= 1896 New Year Honours =

Appointments by Queen Victoria

The 1896 New Year Honours were appointments by Queen Victoria to various orders and honours to reward and highlight good works by members of the British Empire. They were published on 1 January 1896.

The recipients of honours are displayed here as they were styled before their new honour, and arranged by honour, with classes (Knight, Knight Grand Cross, etc.) and then divisions (Military, Civil, etc.) as appropriate.

==Order of the Star of India==
===Knight Grand Commander (GCSI)===
- (Extra) The Right Honourable Beilby, Lord Wenlock, GCIE, Governor of the Presidency of Madras

===Knights Commander (KCSI)===
- Lieutenant-General Sir Henry Brackenbury, RA, KCB, Member of the Council of the Governor-General of India.
- Mansinghji Sarsinghji Thakore Saheb of Palitana

===Companions (CSI)===
- Major-General Montagu Gilbert Gerard, CB, Indian Staff Corps.
- Lieutenant-Colonel David William Keith Barr, Agent to the Governor-General in Central India.
- Denzil Charles Jelf Ibbetson, Esq, Indian Civil Service.
- James John Digges La Touche, Esq, Indian Civil Service.
- Arthur Upton Fanshawe, Esq, Indian Civil Service.

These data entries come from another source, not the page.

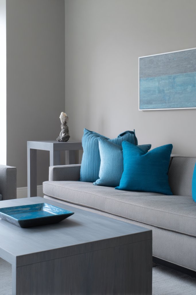 This palette creates a space that feels both modern and calming—perfect for unwinding or hosting friends. The versatility of blues and grays makes it easy to update with accessories over time. Once you see how peaceful your living room looks, you’ll be inspired to extend this calm to other areas of your home, making it a true retreat from chaos.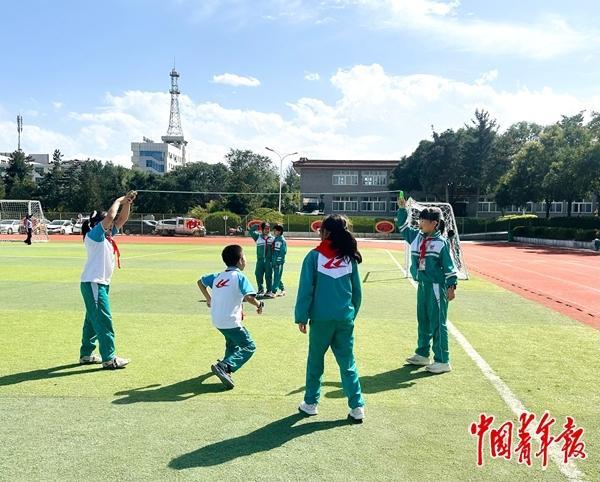 “學(xué)生身心健康是每個(gè)家庭的熱切期盼,也事關(guān)國家和民族的未來?!痹趪鴦?wù)院新聞辦公室今年9月23日舉行的“高質(zhì)量完成‘十四五’規(guī)劃”系列主題新聞發(fā)布會(huì)上,教育部副部長王嘉毅介紹,“十四五”期間,教育部認(rèn)真踐行健康第一的教育理念,著力破解“小眼鏡”“小胖墩”及心理健康等問題,促進(jìn)學(xué)生身心健康全面發(fā)展,實(shí)施“學(xué)生體質(zhì)強(qiáng)健計(jì)劃”,推動(dòng)各地增加體育課、體育課后服務(wù)和大課間,推動(dòng)課間活動(dòng)由原來的10分鐘延長到15分鐘,落實(shí)中小學(xué)生每天綜合體育活動(dòng)2小時(shí)要求。 近日,中青報(bào)·中青網(wǎng)記者走進(jìn)固原市多所中小學(xué)校,實(shí)地了解學(xué)生體育鍛煉開展情況,以及體育育人工作推進(jìn)成效。 —————————— “以前課間10分鐘,去趟衛(wèi)生間、交個(gè)作業(yè)就結(jié)束了;現(xiàn)在15分鐘,能和同學(xué)跳會(huì)兒繩、打會(huì)兒排球,一到課間大家都出教室了。”寧夏回族自治區(qū)固原市弘文中學(xué)八年級(jí)1班學(xué)生海喻的感受,折射出寧夏不少中小學(xué)課間活動(dòng)的新變化。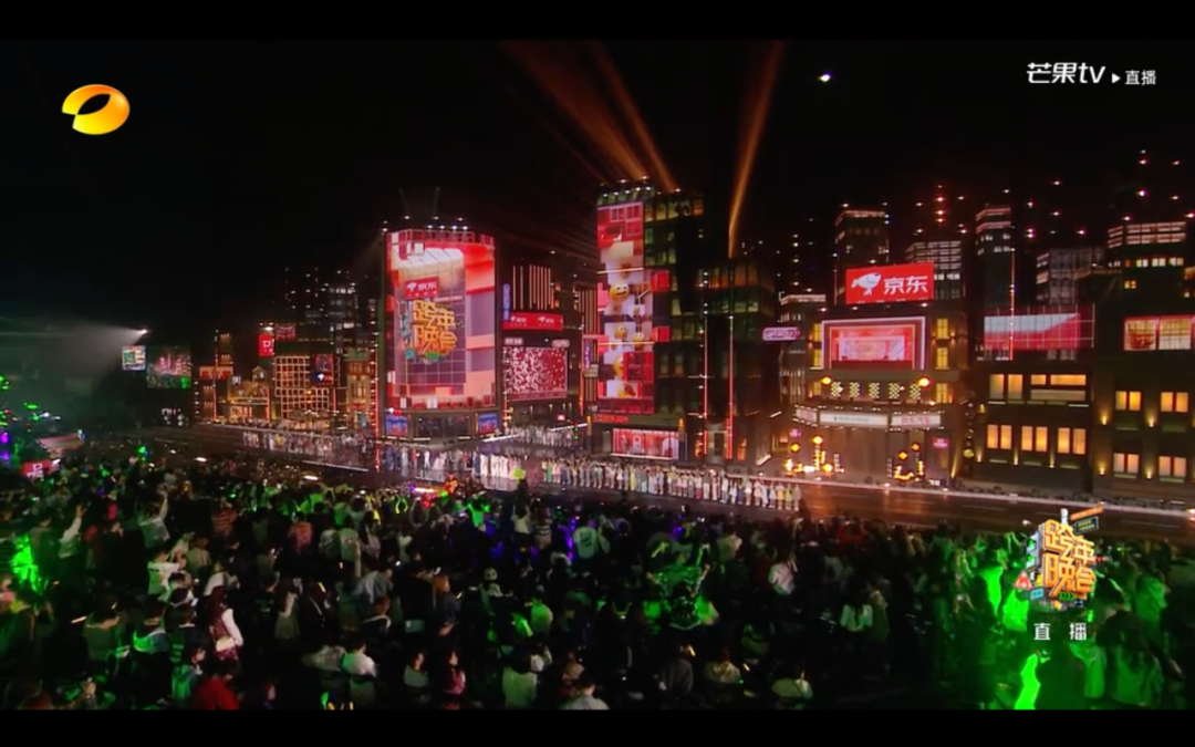 为助力湖南卫视打造“把城市变成舞台,与观众一起沉浸跨年”这一道独特跨年风景,金年金字招牌在场景表现“生活化”“科技感”上下足功夫,为此次晚会提供了冰屏、地屏、透明屏、斜角屏等近5000平的多款高性能显示产品,设计了32处涵盖主舞台和街区内楼梯商户的屏体,并在显示产品中,深度融合裸眼3D、XR技术,与舞台机械升降完美结合,观众不仅看到了根据表演内容变幻成各式各样的绝美舞台,还可以感受到裸眼3D、XR技术带来的震撼视觉效果,且体验到跨年晚会的零距离、沉浸式的快感。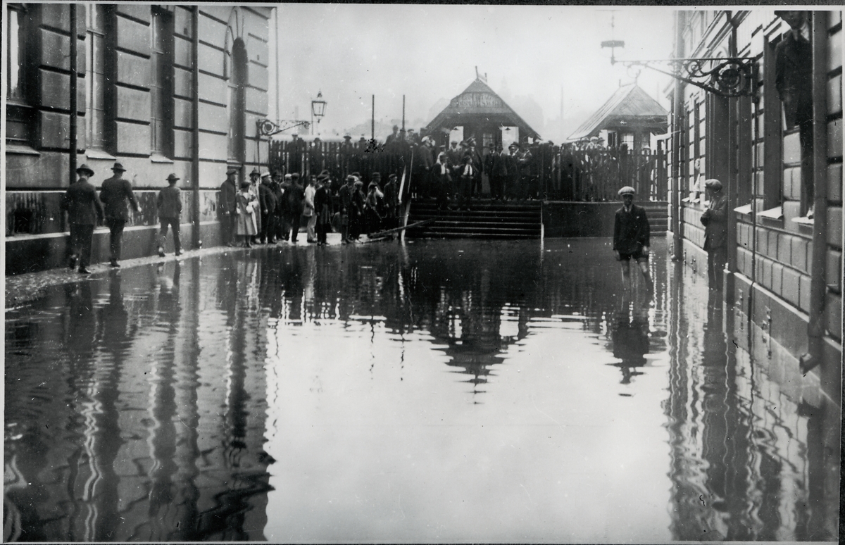 Översvämning i Mäster Samuelsgatan mellan Vasagatan och Centralbangården. Efter foto Svenska Dagbladet. Spärrarna vid Mäster Samuelsgatan för lokaltåget norrut över Stockholm Västerås Bergslagens Järnväg. Obs! Till vänster nedgång till person tunneln under bangården.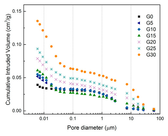 The microstructure of the AAS composites with conductive filler was analysed by means of scanning electron microscopy and mercury intrusion porosimetry. Pore distribution curves showing cumulative intruded volume versus pore diameter are depicted in Figure 14. The data show that the majority of the pore volume in the reference AAS mortar lies in the pore diameter range of 1–10 µm. After the addition of up to 10 wt% of graphite powder, only a small increase in pore volume associated with gel pores below 20 nm in diameter was observed. Greater amounts of graphite filler caused a remarkable increase in the volume of gel pores, as well as pores which are larger than 7 µm. This led to an overall increase in porosity, which was reflected in a drop in bulk density. The increase in volume, especially of large pores, can be also associated with the strength deterioration of the mixtures with the graphite content more than 10 wt%. The increase in volume of gel pores is probably associated with partial delamination of graphite platelets as can be observed in Figure 15 and partially it is influenced by the high amount of the organic additives which aggravate the formation of denser hydration products.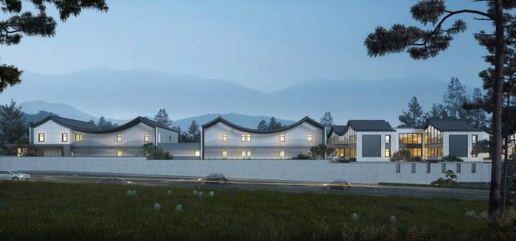 建筑的屋顶采用了非常东方的人字坡顶。通过大面积落地玻璃窗设计,模糊空间的边界感,建筑内部与外部协调融合,在获得充沛光线的同时,视野可以以更大的广 度左右扫视,将更多风景迎入室内来。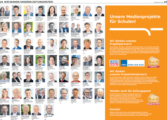 Etwa einen Monat vor Ablauf der 12-monatigen Laufzeit werden Sie von der SÜDWEST PRESSE angefragt, ob sie die Zeitungspatenschaft weiterführen möchten.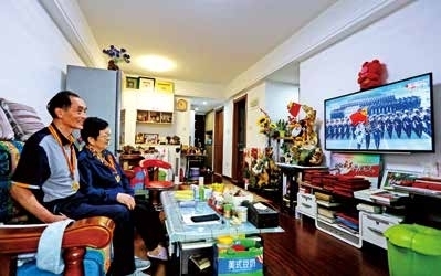 “老伴眼睛不好,国庆阅兵这样的大喜事,我就讲给她听。”陈国泉老人曾是两弹一星参研人员。1964年到1981年,陈国泉老人从事核武器总体理论设计和试验工作。他钻研的原子弹和氢弹的系列项目获得了国家九项大奖,个人也荣获工业部颁发的“为我国核武器发展做出重要贡献科研人员”荣誉。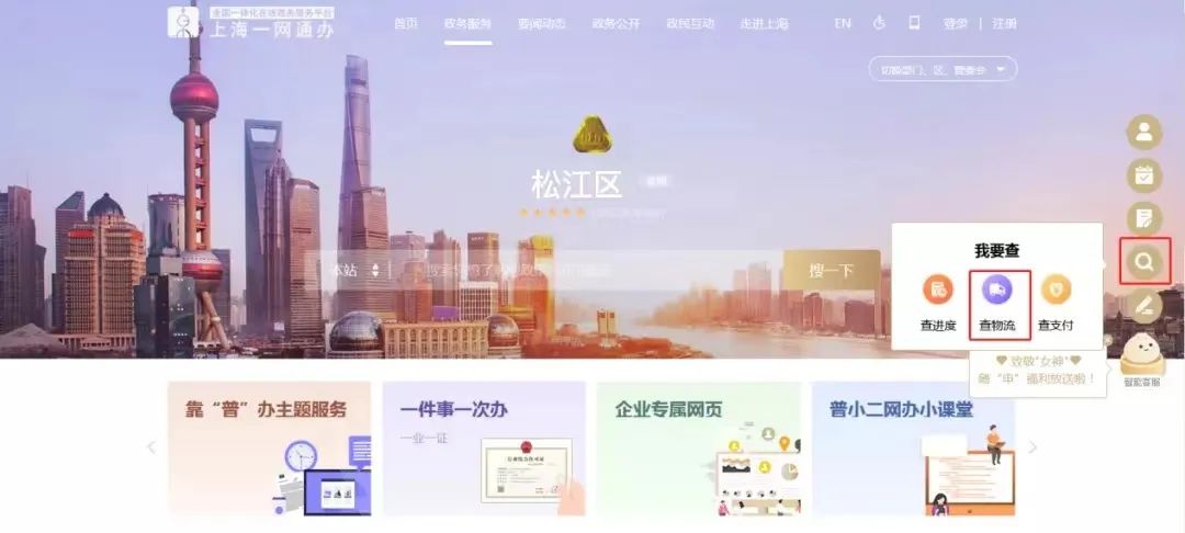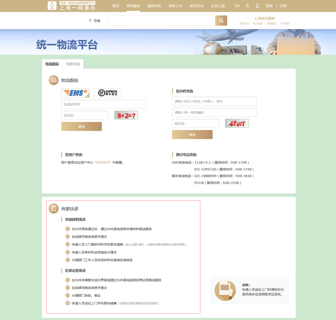 市一网通办网页下单:在线预审通过后或办件提交后,可至“一网通办”统一物流平台的办件查询,选择寄递服务。点击右侧“放大镜”,点击“查物流”,进入统一物流平台。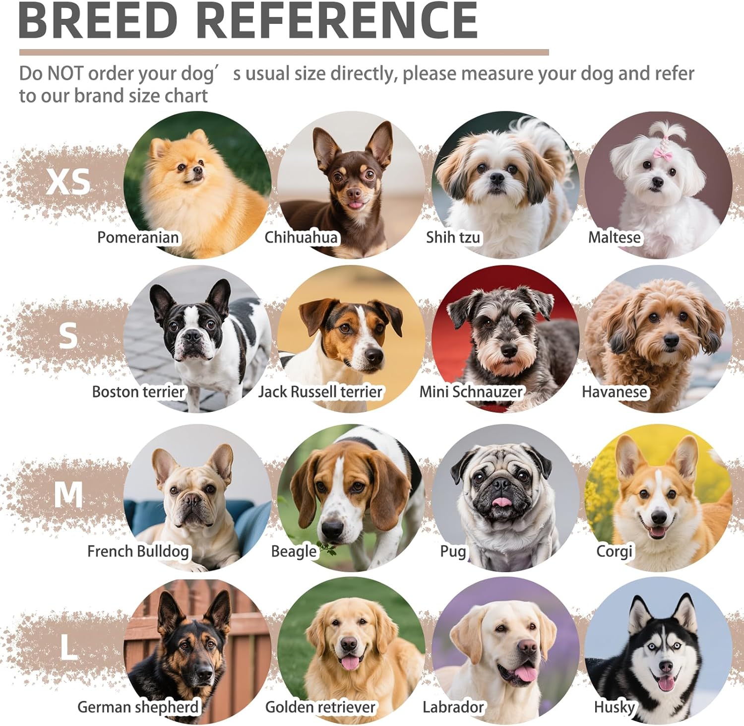 About this item - Chest girth 17.5"-24", strap width 3/4". Recommended to small to medium pets, such as French Bulldog, Beagle, Pug, Boston Terrier, Jack Russel Terrier, etc. Sizing does NOT directly correspond to your pet's breed or weight, and do NOT order the usual size directly, please always measure your dog and refer to our brand size chart - Both sides of the harness are like a triangle structure, which can wrap around the dog's body perfectly, you will feel good control during use. And the stress is on the dog's chest, not its neck, so this harness allows dogs to breathe freely - The harness is very easy to put on/take off. Just let your dog's front leg in, then close the buckle, adjust the strap to fit perfectly, and done! It makes your travel faster and more convenient - High-quality nylon fabric with high-density webbing to add durability. The webbings have been widened, and the surface is very smooth, so the harness's comfort will be better. Your dog will enjoy the daily walk in this comfortable dog harness - Each harness is equipped with a metal ID tag, and the front is a cute paw pattern, while on the back, you can engrave whatever you want, such as the dog's name and so on. It does not corrode as easily as wooden labels and is durable. You can also remove it when washing the harness › See more product details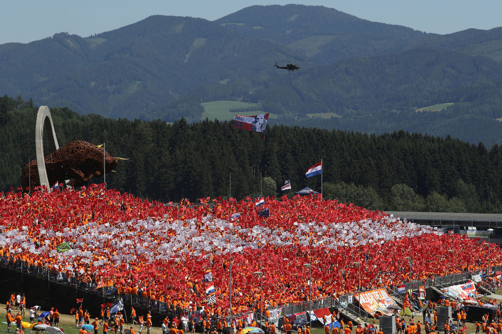 Traditionell beim „Styrian Green Carpet“ wärmten sich die Fans vor dem Welcome Center des Red Bull Ring auf für den GP-Sonntag auf. Gemeinsame Fotos mit Stars der Formel 1 und Autogramme waren heiß begehrt, viele Wünsche wurden erfüllt und Träume wurden wahr! Als Stammgäste des „Holiday Grand Prix“ durften natürlich die Flying Bulls nicht fehlen, die wieder ein beeindruckendes Air Display in den steirischen Himmel zauberten. Während die österreichische Nationalflagge und die steirische Landesfahne über der rot-weiß-roten F1-Arena einschwebten, wurden die Zuschauer Augen- und Ohrenzeugen einer Gänsehaut-Inszenierung, die ihresgleichen sucht. Direkt auf der Start-Ziel-Geraden verschmolzen das „Dachsteinlied“ und „Land der Berge“ bei einer Premiere zum unvergleichlichen Klangerlebnis. Mastermind hinter der Neukomposition im Stil von Red Bull Symphonic ist Christian Kolonovits. Die Stimmen von Christopher Seiler, Juliette Khalil und zehntausender Fans wurden getragen von einem instrumentalen Ereignis der Grazer Philharmoniker und des Kammerchors des Johann-Joseph-Fux Konservatoriums Graz.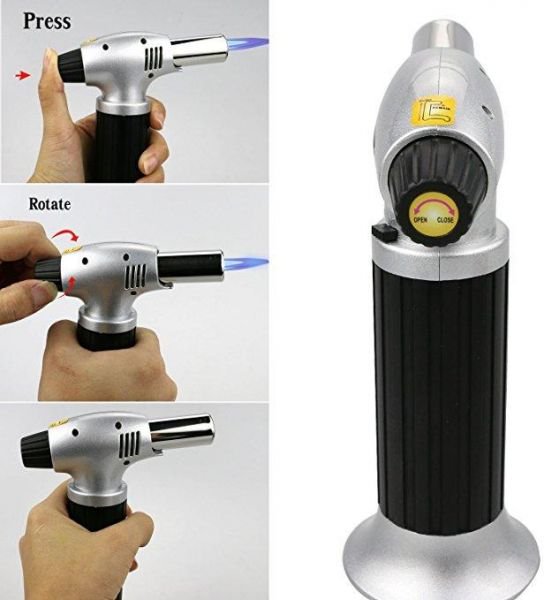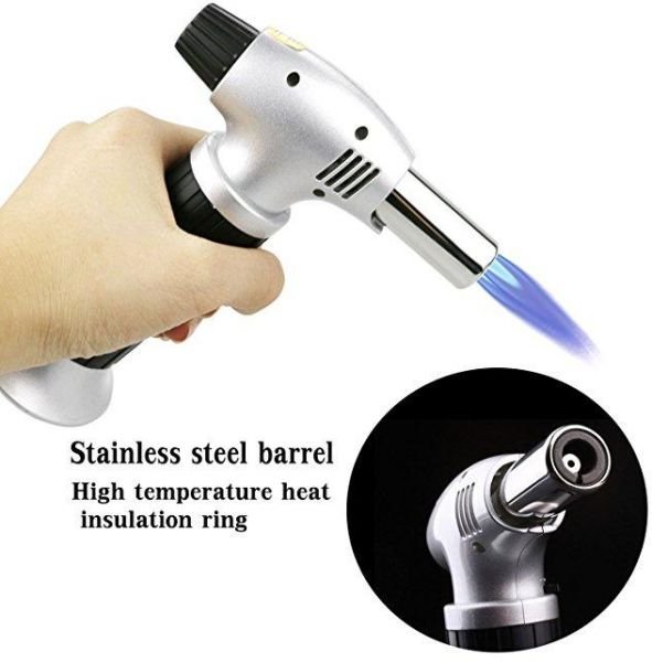 This product is easy to operate, portable, widely used for heating food in the family, small objects welding, industrial welding, including the welding of copper, silver welding, soldering, injection mold from broken expected, set off firecrackers and outdoor camping barbecue and so the best choice and workshops, automobile factories, laboratories, jewelry processing, metal processing and plastic surface of bending an indispensable tool for the local heating, Automatic ignition feature, flame temperature is 1300 degree C, 2450 degree F, air consumption 80g, hour, gas tank is 220g gas, pipe, fire-retardant nylon shell, packaging is of paper Calgary Blister, the largest flame length is 170 mm similar to gas cutting flame gun, flame shortest length is 3 mm similar to a lighter flame.

==Order of the Indian Empire==
===Knights Grand Commander (GCIE)===
- Sir Alfred Comyn Lyall, KCB, KCIE, Member of the Council of India

===Knights Commander (KCIE)===
- Nawab Secundar Jung Ikbal-ud Dowlah, Iktadarul-Mulk, Vikar-ul-Umara, Bahadur, Prime Minister to His Highness the Nizam of Hyderabad.
- Major-General Thomas Dennehy, Bengal Army (Retired), CIE (Extra)

===Companions (CIE)===
- James Grose, Esq, Member of the Council of the Governor of Madras.
- Patrick Playfair, Esq, Additional Member of the Governor-General's Legislative Council.
- Rana Dhalip Singh, Chief of Baghat.
- Frederick John Johnstone, Esq, Secretary, and Chief Engineer, Public Works Department, Government of Bengal.
- Colonel Richmond Irvine Crawford, Indian Staff Corps.
- Charles Falkiner MacCartie, Esq, Indian Civil Service.
- Richard Morris Dane, Esq, Indian Civil Service.
- Surgeon-Lieutenant-Colonel Samuel Haslett Browne, MD, Indian Medical Service.
- Rash Behary Ghose, MA
- Waman Abaji Modak, BA
- Frank Henry Cook, Esq

==Order of St Michael and St George==
===Knights Commander (KCMG)===
- The Honourable Philip Oakley Fysh, Treasurer and formerly Premier of the Colony of Tasmania.
- William Crofton Twynam, Esq, CMG, on retirement, after fifty years service, from the office of Government Agent for the Northern Province of the Island of Ceylon.

===Companions (CMG)===
- Captain the Honourable Assheton Gore Curzon Howe, RN, CB, for special services rendered while engaged in the protection of the Newfoundland Fisheries.
- Lieutenant-Colonel and Brevet Colonel William Hillier Holborow, commanding the 3rd Regiment of Infantry of the Colony of New South Wales.
- Captain Raleigh Grey, on relinquishing the Appointment of Lieutenant-Colonel Commandant of the British Bechuanaland Border Police.
- Captain John Irvine Lang, RE, for services in connection with the Railway Survey and the delimitation of the Western Boundary of the Gold Coast Colony.
- William Valentine Robinson, Esq, Clerk of ihe Legislative Assembly of the Colony of Victoria.
- Henry Alfred Alford Nicholls, Esq, MD, Medical Officer of Public Institutions of the Island of Dominica.